China’s attitude a collective international responsibility
As for China’s smug attitude towards international demands that it take responsibility for its initial delays and suspected cover up, and issuing threats instead, it is arguably a direct result of a colossal, collective, international hypocrisy, decades in the making. Sadly, we largely enabled this type of behaviour by:
- our collective, decades long international appeasement of China’s totalitarian regime in respect of Taiwan and Hong Kong, under their so-called one China policy; and
- without going into any detail about the well-known tragedies of Tibet or the Uighur people, topics that barely skim the surface of China’s appalling track record, happily doing business with, and thus financing, this human rights abusing totalitarian bully purely for economic reasons, discarding moral considerations entirely, in order to keep selling our minerals, and keep our stores filled with cheap consumer goods.
As for the people expressing faux outrage over the WHO not ‘standing up’ to China when it may have become clear that the WHO were not given up-to-date or correct information, or that China did not cooperate fully, I refer them to the quiet international collusion in respect of Taiwan, Tibet, the Uighur people, and our economic dealings with China taking absolute priority over confronting China for their endless human rights abuses and failures.

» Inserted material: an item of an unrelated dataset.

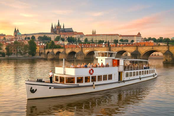 Durante una hora, navegaremos por el corazón de Praga disfrutando de unas vistas privilegiadas de sus monumentos más representativos. Desde la cubierta del barco, admiraremos el majestuoso Castillo de Praga, que se alza sobre la ciudad con una silueta inconfundible.
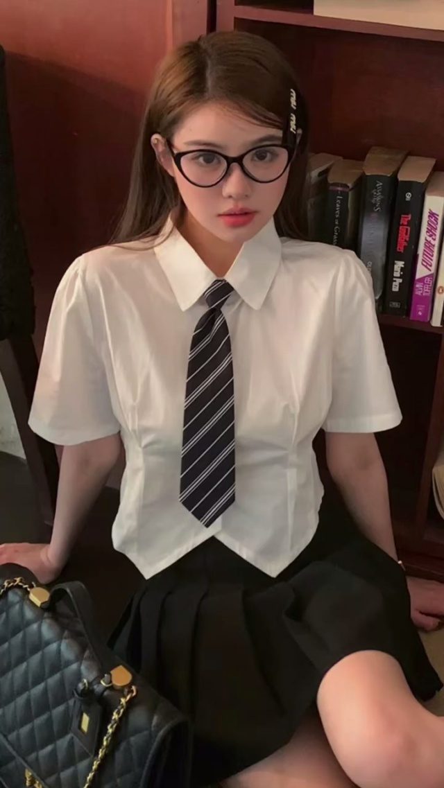 学院风条纹短袖衬衫469件,全清7.9,分货8.5,Polo领,拼接设计,后领包边...

Knowing how China operates in the real world, it would have been downright foolish for the WHO to antagonise China during an unfolding pandemic, when it needs China to cooperate, and continue to cooperate, voluntarily more than ever.
What would have happened if the WHO antagonised or criticised China’s response or cooperation publicly? We all know what happens to Western journalists in China who are perceived to have slighted the regime.
China’s contemptuous attitude towards dissent was further demonstrated just this week, when under the cover of the COVID-19 global pandemic distraction, China arrested scores of pro-democracy activists, highlighting the immense difficulties with holding the regime to account.